START GIVEN RECORDS

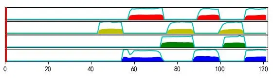 3D-диаграмма интенсивности показывает интенсивность в каждом положении лап в реальном времени.
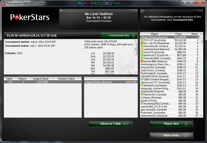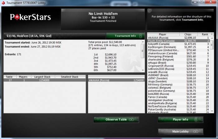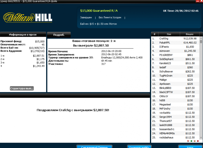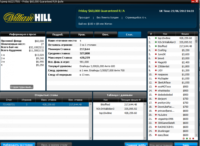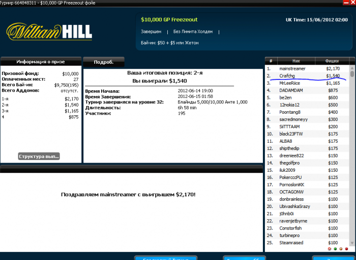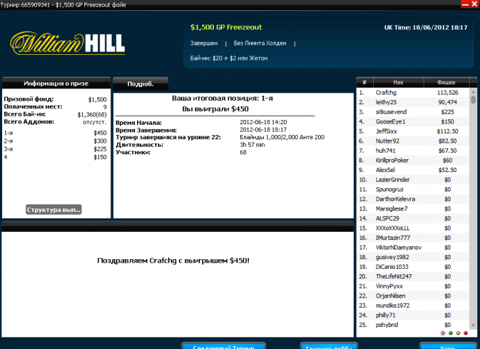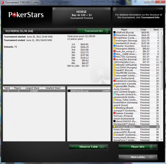 После неудачи на Weekly HORSE хотя бы слабое утешение)) На 4х поделили, т.к. у всех было очень мало бигбетов) Но оставленную сотку для первого места все таки отобрал у них))
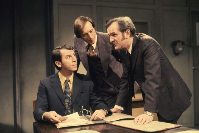 Derek Benfield excels during the next episode, Riley, as Bill’s criminal conviction (even though it was all the way back in 1948) is raked up by the police, who decide he’s implicated in the hijack. Hugh Sullivan and Brian Grellis play the two coppers who delight in making Bill sweat. Grellis (DS Pritchard) is the good cop whilst Sullivan (DI Parsons) is most definitely the bad cop. Temporarily moving the focus away from the boardroom and bedroom squabbles and onto Bill Riley is a good move – since it helps to shake up the narrative a little.
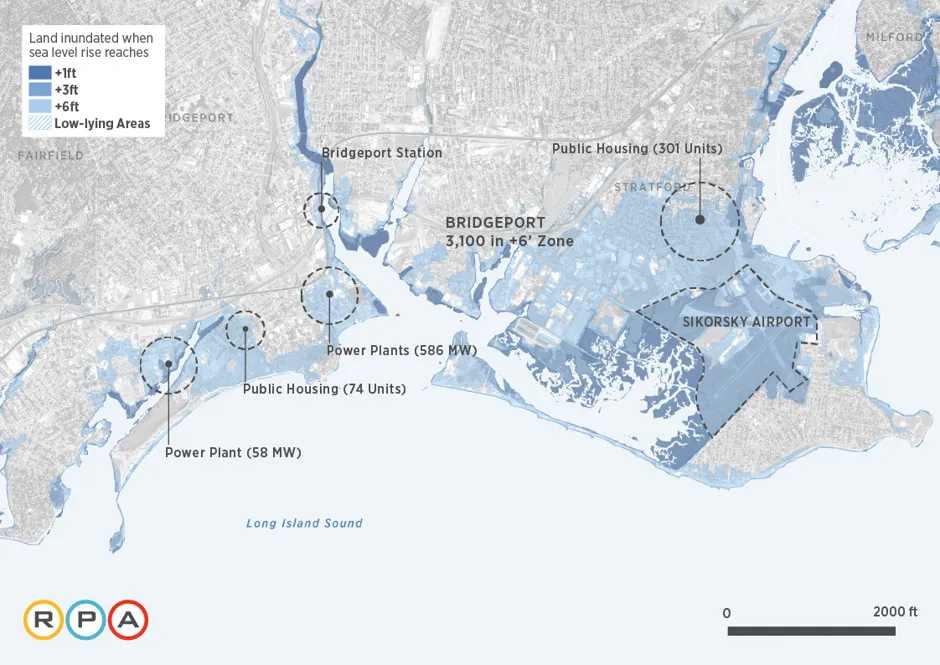 如果海平面上升三英尺,布里奇波特、新哈芬和斯坦福将面临洪水风险。RPA所谓的“好消息”是,已经在这个大区域内提出或正在进行一些洪水 保护项目。最引人注目的是“干线”项目——一条10英里长的公园兼洪水防御巨型结构,沿着纽约市的海滨而建,由明星建筑师比亚克·英厄尔斯设计。但报告认为,尽管这些项目无疑重要,但许多项目无法提供长期保护。
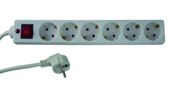 Asztali 6-os elosztó kapcsolóval fehér színben. Túlfeszültségvédelemmel és gyermekvédelemmel ellátva. - 1,4m H05VV-F 3G1.0 mm? kábellel - 16 A; 250 V; maximum terhelés: 3500 W

END GIVEN RECORDS

## WHAT YOU HAVE TO DO
Reproduce, with the pictures omitted, exactly those lines that run from the line with "Derek Benfield excels" to the last line of the material, both ends included.

## REPLY
 Derek Benfield excels during the next episode, Riley, as Bill’s criminal conviction (even though it was all the way back in 1948) is raked up by the police, who decide he’s implicated in the hijack. Hugh Sullivan and Brian Grellis play the two coppers who delight in making Bill sweat. Grellis (DS Pritchard) is the good cop whilst Sullivan (DI Parsons) is most definitely the bad cop. Temporarily moving the focus away from the boardroom and bedroom squabbles and onto Bill Riley is a good move – since it helps to shake up the narrative a little.
 如果海平面上升三英尺,布里奇波特、新哈芬和斯坦福将面临洪水风险。RPA所谓的“好消息”是,已经在这个大区域内提出或正在进行一些洪水 保护项目。最引人注目的是“干线”项目——一条10英里长的公园兼洪水防御巨型结构,沿着纽约市的海滨而建,由明星建筑师比亚克·英厄尔斯设计。但报告认为,尽管这些项目无疑重要,但许多项目无法提供长期保护。
 Asztali 6-os elosztó kapcsolóval fehér színben. Túlfeszültségvédelemmel és gyermekvédelemmel ellátva. - 1,4m H05VV-F 3G1.0 mm? kábellel - 16 A; 250 V; maximum terhelés: 3500 W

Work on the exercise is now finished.